Amidst all this, there were two bright spots: my daughter won student of the month at her school on Friday, and on Saturday she successfully rode her bike without training wheels for the first time. It’s rare that I feel like I’m a success as a parent, but this week, especially with all the other nonsense, I think my wife and I should get gold stars.

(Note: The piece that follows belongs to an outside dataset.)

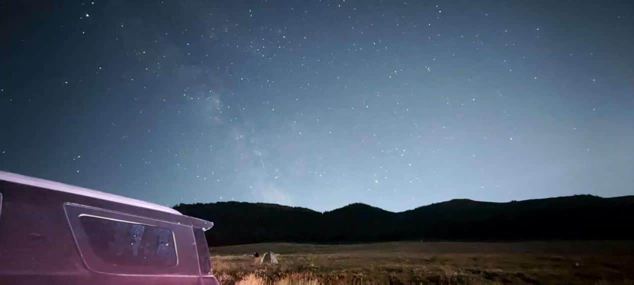 从山顶下来已十一点多,松树头停车场人较多,我们开着哈弗 H5 往前一段到金花紫卉停车场休息。找了个安静的地方,开始收拾休息。新H5的空间太给力了,把后排座椅放倒,就是一张 “两米” 大床,玩累了的我们躺进去,舒服又宽敞。旁边有好多搭帐篷的,我们庆幸能直接睡车里,不冷不热,要知道赛里木湖的晚上还是挺冷的。收拾完还能透过大天窗看星星,这天窗没白装,哈弗 H5 给了我们一个舒适的休息空间,真是快乐的一天。
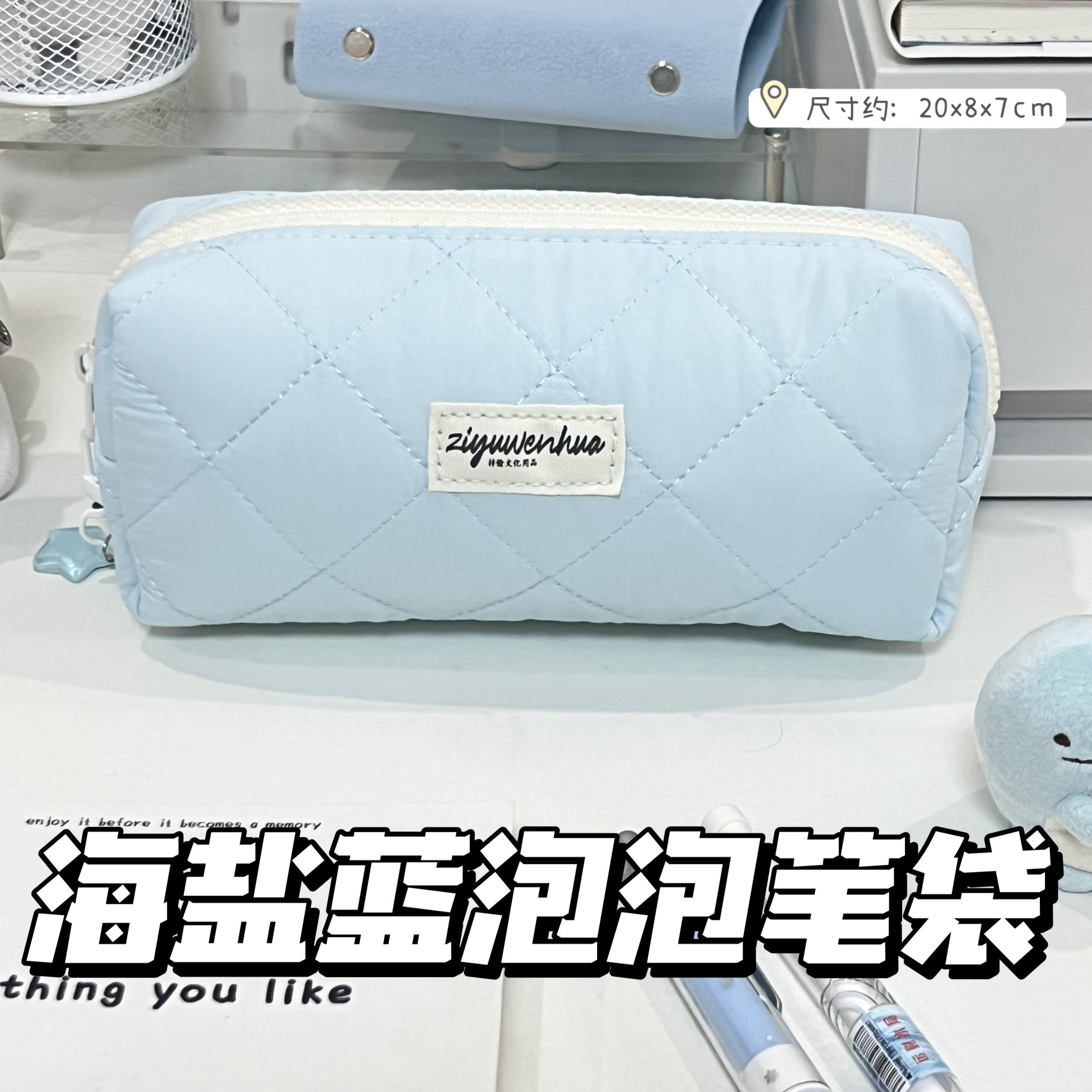 原创新款蓝色泡泡笔袋初中女生ins风盐系高颜值大容量铅笔文具袋

Also, as I alluded to in my last post, I’m looking forward to ALA Anaheim. That’s right, Running Press is sending me to California for promotional events for Tap Out. Unreal. I get to rub elbows with people whose books I’ve read and admired. And most importantly, I get to spend time with the most significant conduits for YA books–librarians. I can’t express the degree to which I appreciate the role librarians serve in finding the right books for teens. I witness it every day at my own school and remember fondly the librarians’ guidance at my second home while growing up, the North Greenbush Public Library.

Therefore, I’m’ looking forward to a week with heat, clean clothes, a movable hand, accessible data–and who knows what great things my children will accomplish? I’m working on my WIP, and it’s going well. Soon it will be time to pass off the manuscript to Kate McKean. Fingers crossed.

In the meantime, I’m watching my back. I don’t need another week like this one to sneak up on me.